--- WHAT IS EXPECTED ---
The data should be written out in full, exactly as it stands, and the pictures dropped.

--- DATA SECTION ---
%%

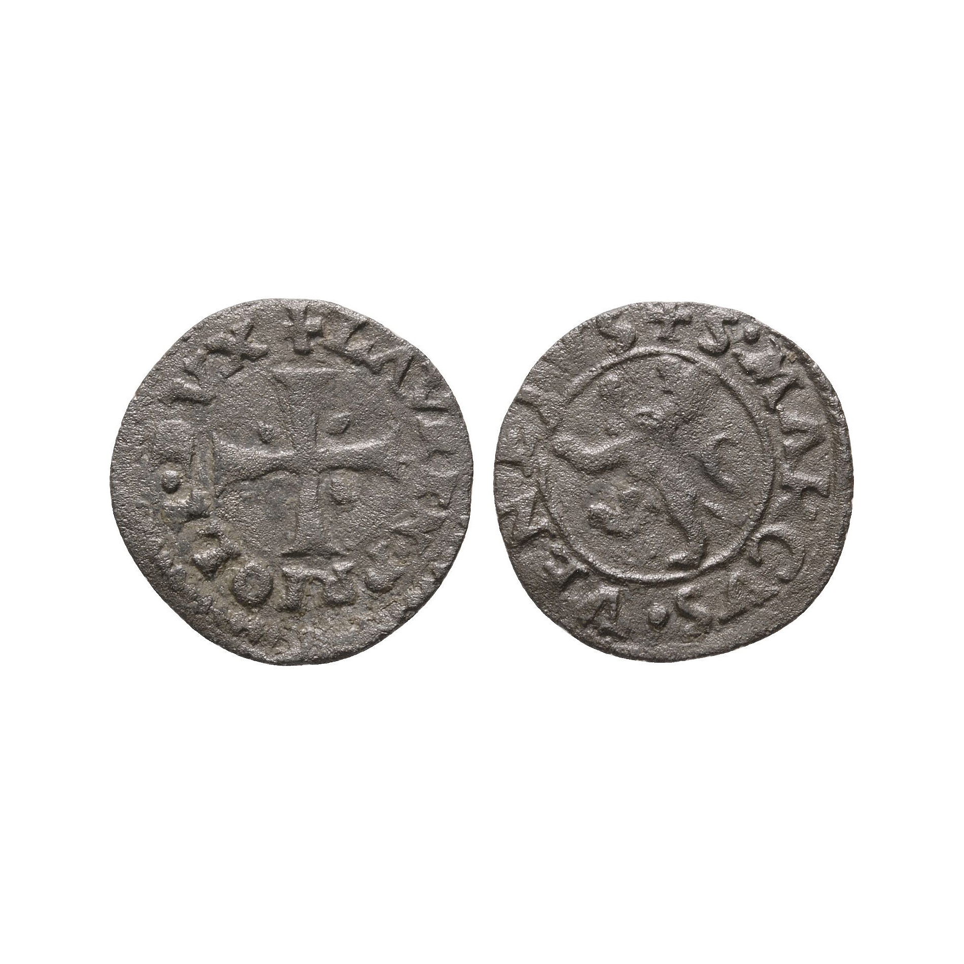 Obv: +LAVREN•PRIOLI DVX, cross with lozenges in the angles. Rev: +S•MARCVS•VENETVS, lion standing left. 0.43 grams, 14 mm.
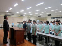 施設実習に向けて各学年の代表者が誓いの言葉を述べ、福祉科全員で実習への心構えを再確認しました。
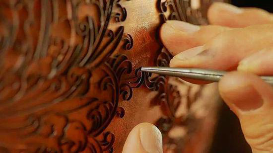 铜胎制成后,还要在胎上“画图”,只是这画图的工具不是笔,而是极富延展性的铜丝。这是景泰蓝制作的第二道工序:掐丝。师傅们先将设计好的图样画到铜胎上,再将铜丝按照图案掰出各种曲线,然后用镊子夹着折好的铜丝,沾上点儿白芨,严丝合缝地粘在铜胎的图案上。

%%

--- RESULT FOR THIS TASK ---
 Obv: +LAVREN•PRIOLI DVX, cross with lozenges in the angles. Rev: +S•MARCVS•VENETVS, lion standing left. 0.43 grams, 14 mm.
 施設実習に向けて各学年の代表者が誓いの言葉を述べ、福祉科全員で実習への心構えを再確認しました。
 铜胎制成后,还要在胎上“画图”,只是这画图的工具不是笔,而是极富延展性的铜丝。这是景泰蓝制作的第二道工序:掐丝。师傅们先将设计好的图样画到铜胎上,再将铜丝按照图案掰出各种曲线,然后用镊子夹着折好的铜丝,沾上点儿白芨,严丝合缝地粘在铜胎的图案上。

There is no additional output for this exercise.